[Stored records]
◆ ◆ ◆ ◆ ◆

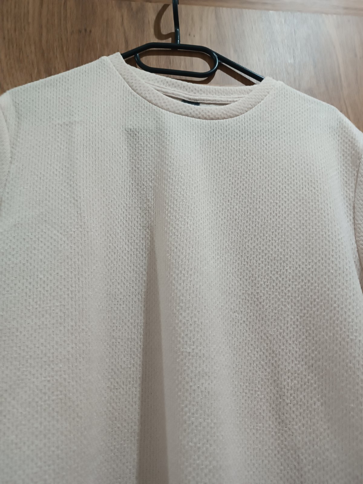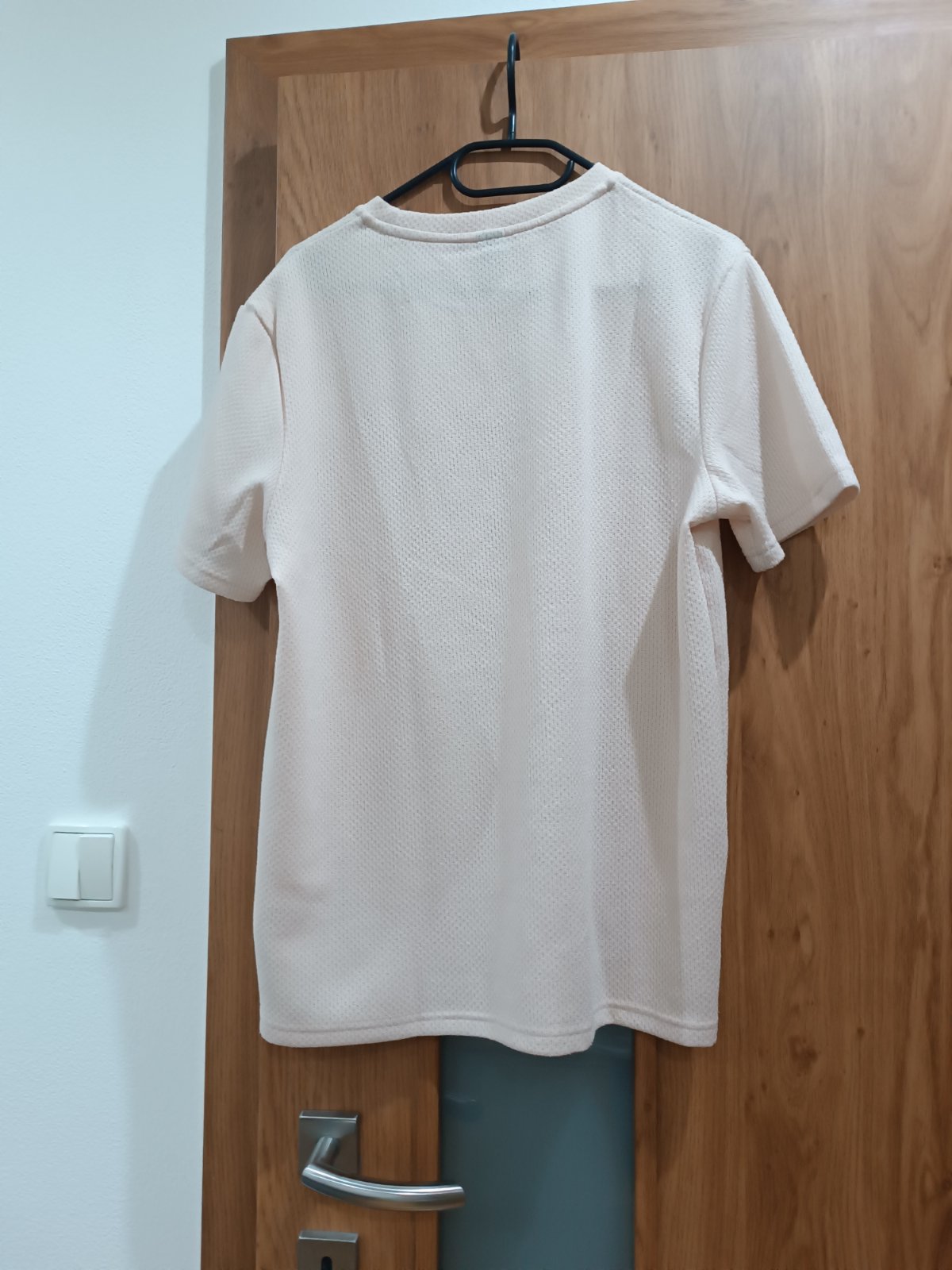 predám nepoškodené tričko 99% bavlna, 1% viscose farba je béžová s šedomodrým akoby podkladom - čiarky všade dĺžka - 66cm, šírka - 55cm , ramená - 50cm
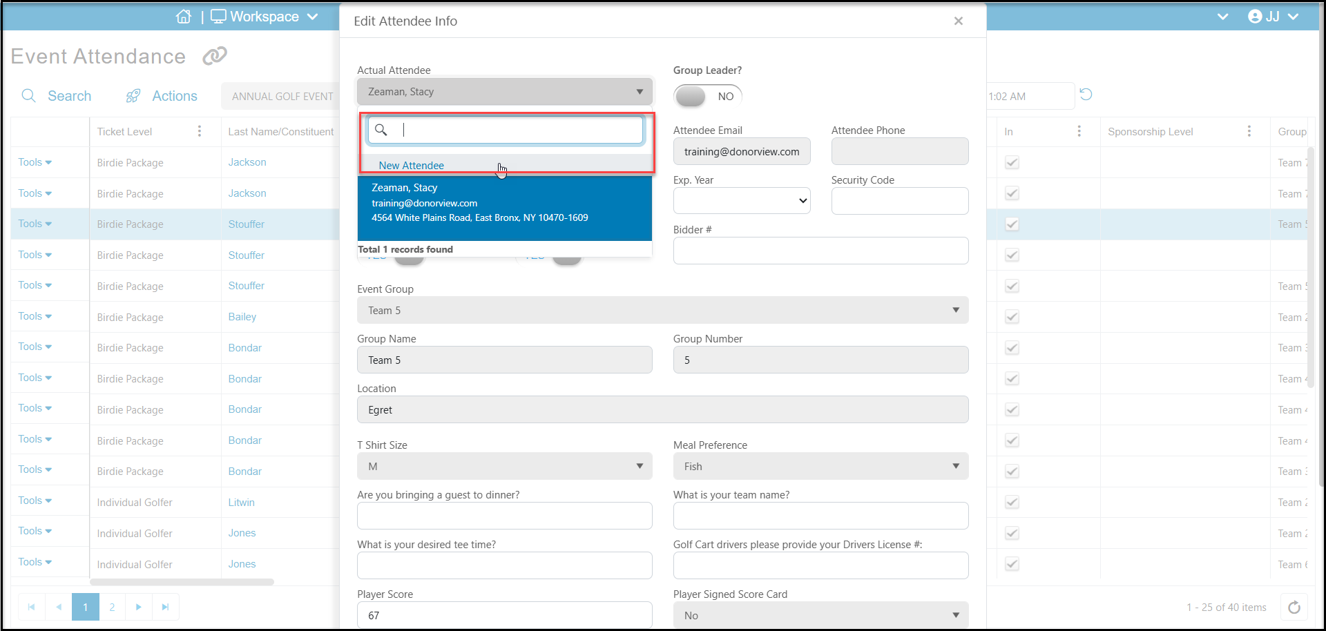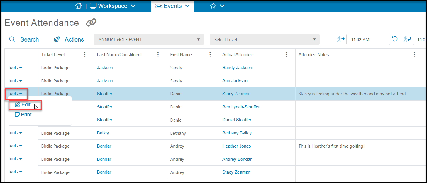 If you do not wish to change the Events grid information, you can either edit the actual attendee name or add a note to the record on the Event Attendance grid.
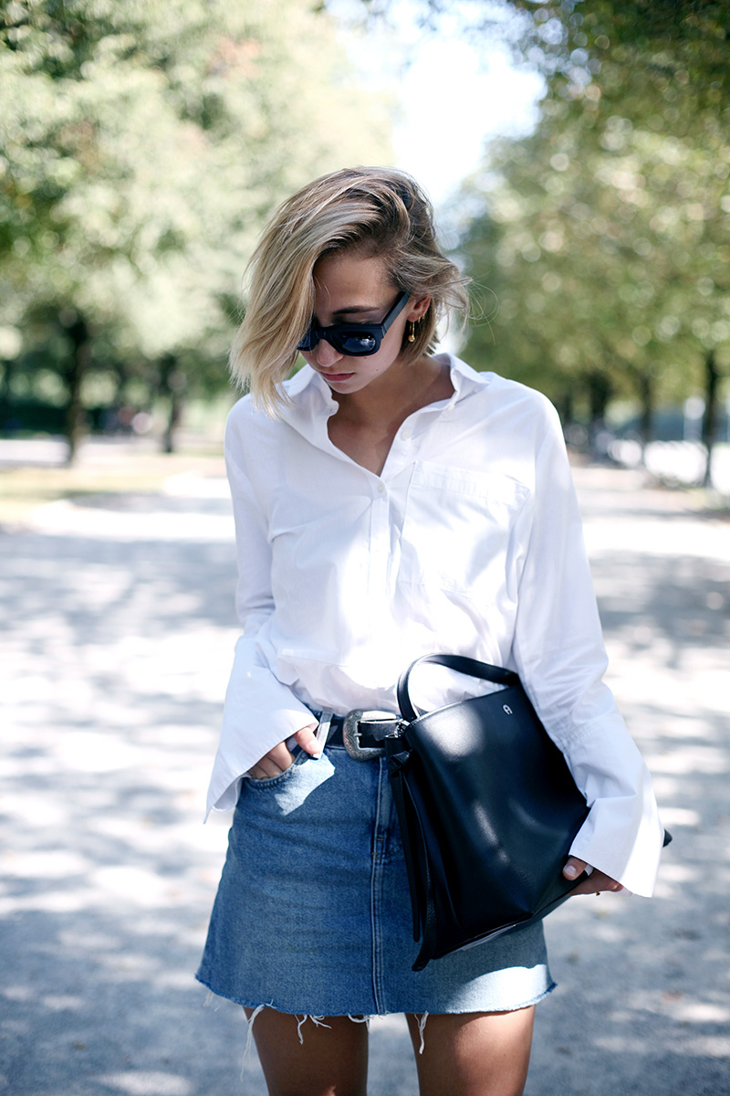 Das schöne am September-Sommer ist aber, dass ich meine letzten Sommeroutfitkracher jetzt noch mal raushauen kann, weil „jetzt oder nie“. Die Frage, was ich heute anziehen soll, fällt mir dementsprechend leicht. Natürlich den Minirock. Natürlich die Sandalen. Natürlich die Shorts. Alles was kurz ist und was im Herbst und Winter nicht tragbar ist! Ich möchte meinen liebsten Kleidungsstücken schließlich die letzte Ehre erweisen. Heute mache ich das mit dem Jeansrock, den ich den ganzen Sommer über getragen habe, einem weißen Hemd von Edited, um den Isar-Look in seiner Sportlichkeit zu entschärfen, den hübschesten Espandrillos überhaupt und meiner Tasche von Aigner.
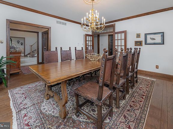 Gorgeous private setting on 6 acres of heavy wooded grounds with professionally landscaped specimen trees & gardens with circular driveway & wrap around side driveway to a 4-car garage. Cobblestones is a one of kind neighborhood by Bob Meyer which is neighboring a nature preserve that can never be built on. This custom home has a newer 50 yr shingle roof-2022, 3 newer skylights in the kitchen-2022, one of the HVAC systems was recently upgraded newer white oak hardwood herringbone floors in the great room & family room & recently painted throughout. You enter this house through a large 2-story foyer with marble floors and a curved staircase. In the great room there is a brand-new bar area with a soapstone countertop and sink with a waterstone faucet, floating oak shelving and antique mirror backsplash, all custom designed, with a new mini wine fridge in the cabinet and storage underneath. The Great room & family room share a double-sided gas fireplace, the office has custom built-ins, along with the entire home having high ceilings. The large kitchen has Viking double wall ovens, stainless steel fridge, stainless steel ice maker, and new Miele dishwasher, 4 burner cooktop with custom hood, eating area, pantry, granite countertops along with being open to the great room. The large primary bedroom has 2 walk-in closets, a sitting area, private bathroom & its own balcony allowing you to relax while looking out at the beautiful backyard & pool. In addition, there are an additional 3 good sized bedrooms along with 2 full baths. The finished walkout basement has multiple areas for storage, with gray marble-stained concrete flooring, two staircases, a full redone bathroom w/ walk-in shower & built in tile bench. There is custom molding throughout along with new lamp posts along the driveway, & European light fixtures on the outside of the house. The custom backyard is an oasis of privacy with a multi-level oversized Brazilian Ipe wood deck with a staircase leading to the large inground gunite pool. There is a custom screened in porch off the kitchen overlooking the backyard with blue slate flooring. There is EP henry brick paver patio in backyard, plenty of space for kids or dogs to run around and play. There is both normal and deer fencing. There is a 26-zone sprinkler system that is fed by private well. Located in the highly rated Medford township school district, near centennial lake, conveniently located a short distance from Philadelphia, the shore, this one of kind home will not last long.
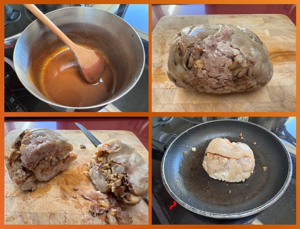 Creo que es una receta bastante sencilla aunque es cierto que requiere cierta elaboración y tiempo. Deshuesar las manos de cerdo en caliente hará que nos quememos un poco los dedos, si se enfría mucho empezarán a ponerse pegajosas y no será tan fácil ir descartando todas las falanges.
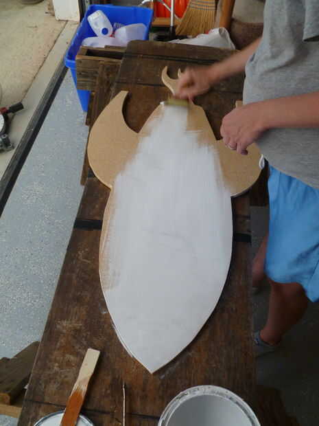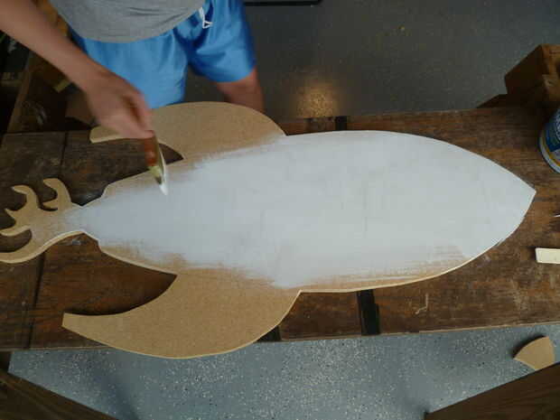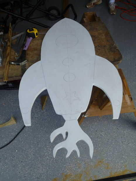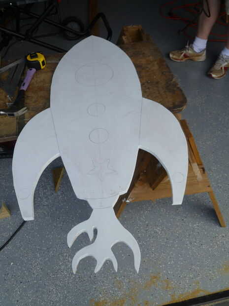 Entregó la pintura a mi esposa como tiene el instinto para el diseño. Había preparado el tablero y diseñado lo que queríamos el cohete para parecerse a. Tómese el tiempo para medir y centro de su diseño para que se vea bien. Este paso tomó más tiempo de lo previsto debido a la extraña forma del cohete. También, utilizar artículos de uso diario de alrededor de la casa para ayudar a diseñar el look (tazas para ronda de círculos, cortador de galletas estrella, etc..).

◆ ◆ ◆ ◆ ◆

**Work required:**
Write out, word for word, the lines from the first line of the entries through the one containing "Das schöne am", both included. Leave out the pictures.

**Exercise output:**
 predám nepoškodené tričko 99% bavlna, 1% viscose farba je béžová s šedomodrým akoby podkladom - čiarky všade dĺžka - 66cm, šírka - 55cm , ramená - 50cm
 If you do not wish to change the Events grid information, you can either edit the actual attendee name or add a note to the record on the Event Attendance grid.
 Das schöne am September-Sommer ist aber, dass ich meine letzten Sommeroutfitkracher jetzt noch mal raushauen kann, weil „jetzt oder nie“. Die Frage, was ich heute anziehen soll, fällt mir dementsprechend leicht. Natürlich den Minirock. Natürlich die Sandalen. Natürlich die Shorts. Alles was kurz ist und was im Herbst und Winter nicht tragbar ist! Ich möchte meinen liebsten Kleidungsstücken schließlich die letzte Ehre erweisen. Heute mache ich das mit dem Jeansrock, den ich den ganzen Sommer über getragen habe, einem weißen Hemd von Edited, um den Isar-Look in seiner Sportlichkeit zu entschärfen, den hübschesten Espandrillos überhaupt und meiner Tasche von Aigner.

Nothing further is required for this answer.